Researchers and advocates have long called for the inclusion of SOGIE data — or sexual orientation, gender identity and expression data — across electronic health records, public databases, registries, and clinical trials to get a better understanding of these marginalized populations.

Many researchers who focus on issues related to LGBTQ+ health got their start in HIV/AIDS work. In those early days, researchers spent a lot of time simply trying to convince people that trans women were not the same as men who have sex with men, Poteat said, which may be partly why there’s so much focus on that population in HIV research today.

In a separate study, Minalga looked at 41 milestone HIV clinical trials between 1991 and 2023. They found that out of more than 170,000 total participants, less than 1% were identified as part of the trans community, and 94% of those were trans women.

“Trans people are definitely in these studies. They’re just not recognized as such, and the research wasn’t designed with trans people in mind,” Minalga said, noting that the first major HIV prevention study to use the word “transgender” at all was published in 2005. “Even though trans people are participating in clinical research and giving our biospecimens, our blood, our tissues, our time — when those data get analyzed, published, and presented, and then inform clinical practice, they don’t make it back to us.”

If the lack of data on trans people is harmful for HIV research and policy development, the consequences are amplified even further for areas of health that haven’t been so publicly tied to LGBTQ+ populations, Tordoff said. Clinicians often don’t have extensive data on how certain interventions or treatments work for trans patients. This means they need to extrapolate from data on cisgender people, but not every physician is comfortable doing that.

The push for better data collection on gender identity

Change could be coming. In November 2023, the Centers for Medicare and Medicaid Services introduced optional questions on SOGIE data for state Medicaid programs to collect from applicants. The agency recommends collecting information on sex assigned at birth, gender identity, and sexual orientation. While data from CMS wouldn’t be nationally representative, self-reported SOGIE data has never been collected on such a large scale, according to Nathaniel Tran, an assistant professor at the University of Illinois at Chicago School of Public Health who wrote in JAMA about the potential impact of the move.

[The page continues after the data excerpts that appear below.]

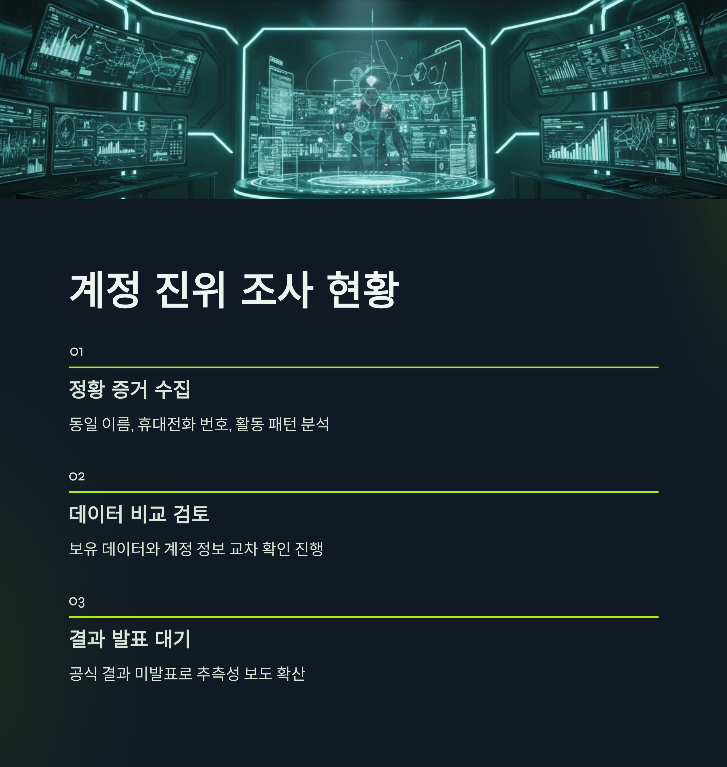 특정인의 관련성 의혹이 제기되며, 관련 계정과 작성자의 연계성 검토가 주요 조사로 진행 중입니다. 동일 이름, 휴대전화 번호 또는 유사한 활동 주체들의 정황 증거가 쟁점이 되었으며, 감사위원회는 보유 데이터와 비교 중이라 밝혔습니다. 그러나 공식 결과 발표가 이루어지지 않아 소문이 무성합니다. 확정되지 않은 정보들이 기자들의 추측성 보도로 확대 해석되며 대중과 당원들의 불신을 가중시키고 있습니다. 현재 상황에서는 조사가 마무리될 때까지 추측과 오해를 방지하기 위한 투명성이 요구됩니다.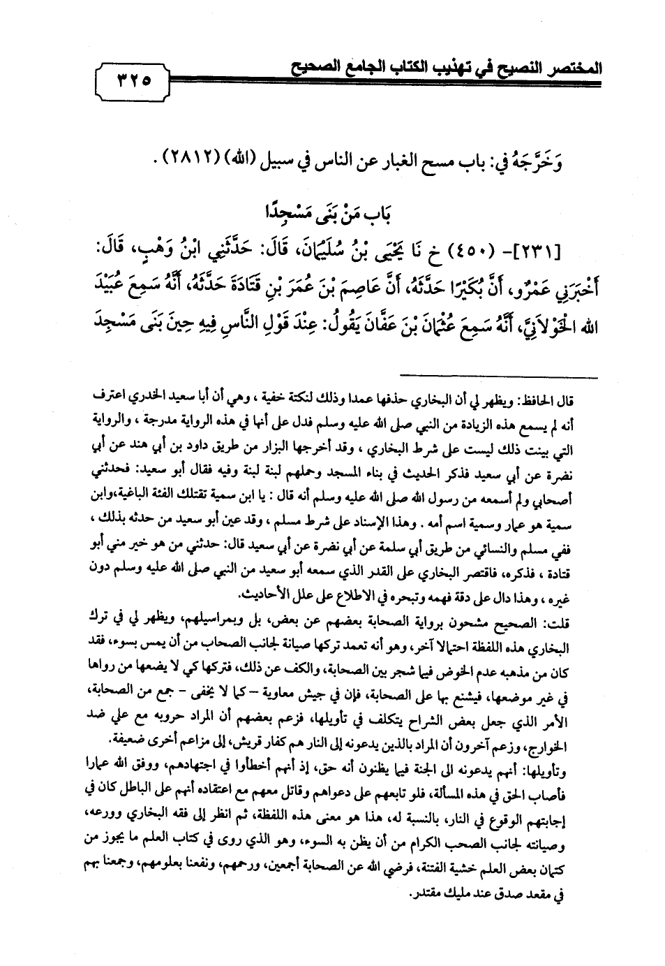 [231]- (450) خ نَا يَحْيَى بْنُ سُلَيْمَانَ، قَالَ: حَدَّثَنِي ابْنُ وَهْبٍ، قَالَ: أَخْبَرَنِي عَمْرٌو، أَنَّ بُكَيْرًا حَدَّثَهُ، أَنَّ عَاصِمَ بْنَ عُمَرَ بْنِ قَتَادَةَ حَدَّثَهُ، أَنَّهُ سَمِعَ عُبَيْدَ الله الْخَوْلاَنِيَّ، أَنَّهُ سَمِعَ عُثْمَانَ بْنَ عَفَّانَ يَقُولُ: عِنْدَ قَوْلِ النَّاسِ فِيهِ حِينَ بَنَى مَسْجِدَ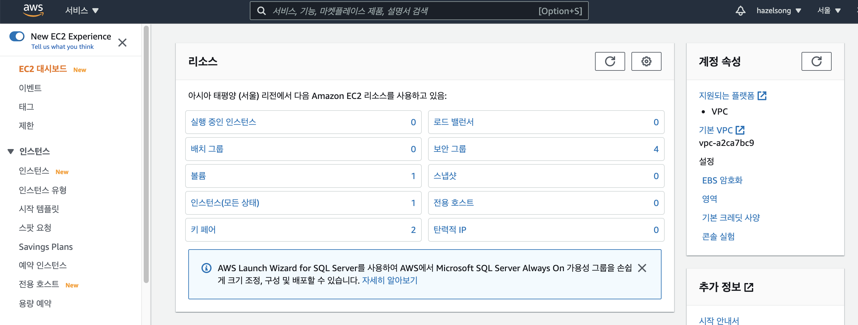 즉 내가 컴퓨터를 어디서 빌릴 것인가?를 정하는 것이다. 당연히 한국에서 서버를 가동시키려면 서울로 지역을 설정하는 것이 좋다.

Few states currently collect this data on Medicaid applications, and no states collect all SOGIE information in the same way. Tran hopes the National Association of Medicaid Directors, a nonpartisan group of state program directors, will be able to streamline data collection.

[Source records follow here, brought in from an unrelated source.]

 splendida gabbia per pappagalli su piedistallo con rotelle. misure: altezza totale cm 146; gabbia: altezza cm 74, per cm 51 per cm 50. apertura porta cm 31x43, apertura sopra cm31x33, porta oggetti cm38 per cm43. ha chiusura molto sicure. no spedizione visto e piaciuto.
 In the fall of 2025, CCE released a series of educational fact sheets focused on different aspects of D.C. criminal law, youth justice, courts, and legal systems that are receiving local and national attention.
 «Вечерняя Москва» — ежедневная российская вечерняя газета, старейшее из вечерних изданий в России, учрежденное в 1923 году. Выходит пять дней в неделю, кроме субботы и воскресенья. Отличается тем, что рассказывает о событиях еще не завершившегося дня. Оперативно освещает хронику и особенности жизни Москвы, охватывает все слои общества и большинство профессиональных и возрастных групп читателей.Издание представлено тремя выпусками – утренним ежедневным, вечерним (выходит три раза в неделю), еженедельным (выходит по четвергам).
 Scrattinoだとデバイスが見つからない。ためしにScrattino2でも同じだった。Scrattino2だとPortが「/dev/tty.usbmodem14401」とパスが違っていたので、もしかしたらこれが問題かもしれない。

“This is a lower-hanging fruit,” said Tran.

At the same time, legislation restricting gender-affirming care continues to spread across the country, which could stifle efforts to collect more meaningful health data on queer populations.

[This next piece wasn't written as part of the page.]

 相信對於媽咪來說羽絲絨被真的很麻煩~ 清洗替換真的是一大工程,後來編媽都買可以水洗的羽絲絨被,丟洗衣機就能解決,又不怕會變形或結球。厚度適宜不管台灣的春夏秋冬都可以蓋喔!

It makes sense, Tran said, that LGBTQ+ people who live in states restricting access to gender-affirming care would not trust the state to protect their data. “That’s a very pragmatic tension,” they said.

But Tran believes that most clinicians and researchers don’t have bad intentions, but rather have never had the opportunity to learn about LGBTQ+ populations in the first place. “You caught me on a very optimistic day,” they said.

In the meantime, researchers focused on LGBTQ+ populations are left to manage their own work balancing the need for even better data on trans people with HIV, and the enormous gaps for data on the trans population in every other health area.

Poteat, whose research often focuses on HIV and trans people, says that trans people participating in research are also frustrated by the way they are considered. People are tired of being asked personal questions about their sex life and then not seeing themselves or their needs reflected in the results.

“Part of my passion for HIV is because of all that it represents and highlights the structural challenges in our society,” Poteat said. “It reminds us of the consequences of homophobia and transphobia and racism.”